A Scalable, Service-Based Log Management Architecture

The basic architecture of Sumo Logic's cloud log management system revolves around the best practice of divide-and-conquer by composing many small and independent services in order to build a scalable, flexible log management platform. Major components of the Sumo Logic system, such as the log data intake and collection management facilities, the full-text indexing pipeline, and the interactive analytics platform, are encapsulated into a set of decoupled services. Each service employs a set of shared lower-level modules to make use of common functionality. Each service runs as an independent executable, and each service can scale independently of the others in the cloud based on demand and the specific CPU and I/O requirements of each service.
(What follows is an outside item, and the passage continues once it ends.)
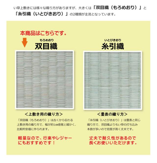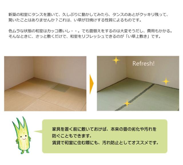上敷きを敷くだけで畳のお部屋をリフレッシュ出来ます。日焼けしてしまった畳のリフレッシュに、新品の畳を汚さないためのカバーにご使用下さい。長さ110〜115cmの国産(九州産)い草を使用しています。そのうち約95cmを使用しています。ヘリ際はある程度白みを帯びます。(日焼けではありません、い草の根元と先端部分の色です。)い草は先端部分が赤茶色く、根元が白く真中が青(緑)色です。真中の良質な青の部分を多く使用するほど、丈夫で綺麗な仕上がりとなります。またイ草は使用するうちに日焼けをしますが、真中の青の部分を多く使用した物ほど全体が綺麗に日焼けし、味が出ます。国産(九州産)のい草を使用しています。

Messaging Affords Reliability and Redundancy

Individual services are not only physically separated in the Sumo Logic service, but are also further logically decoupled by the use of an ultra-fast messaging bus. The Sumo Logic system uses asynchronous messaging to decouple all senders and receivers within the system, while additional durability is afforded by the message bus. The message bus allows for elegant inter-service load-balancing internal to the Sumo Logic system, which gives the system elasticity along a lot of different dimensions. Message durability is important to be able to continue to operate the system in light of unavoidable partial failures in the infrastructure layer. In order to achieve absolute scalability, the Sumo Logic system is designed to scale on many layers.

Optimized for Throughput and Low Latency

Sumo Logic leverages Amazon S3 for log data persistence. The superior properties of S3 make it possible for Sumo Logic to offer durable, reliable retention of even large amounts of log data for extended periods of time at a very competitive cost. Since low latency is a major concern in real-time log processing, the Sumo Logic system is finely tuned all the way down to the collector to trade-off batch operations with minimal delays in order to achieve high throughput at low latencies. At the same time, customer log data is always tagged and the separation of different customer's data is always fiercely enforced during processing as well as at rest, ensuring reliable and secure log management to the end user.

Innovative Streaming Query Engine

All log data query processing in the Sumo Logic system, be it real-time or historically/forensics-oriented, is performed by the same underlying stream processing engine. Expressing and configuring real-time alerts is therefore no different than running interactive queries, blurring the lines between queries and alerts, and making it extremely straightforward to operationalize log data analytics. For Interactive Analytics, the stream engine makes it possible to evaluate queries in an incremental fashion, while pushing intermediate results immediately to the web-based UI. Users will see query results on their screens at the moment the query has started; results are refined and extended as the query completes, delivering a superior log management experience.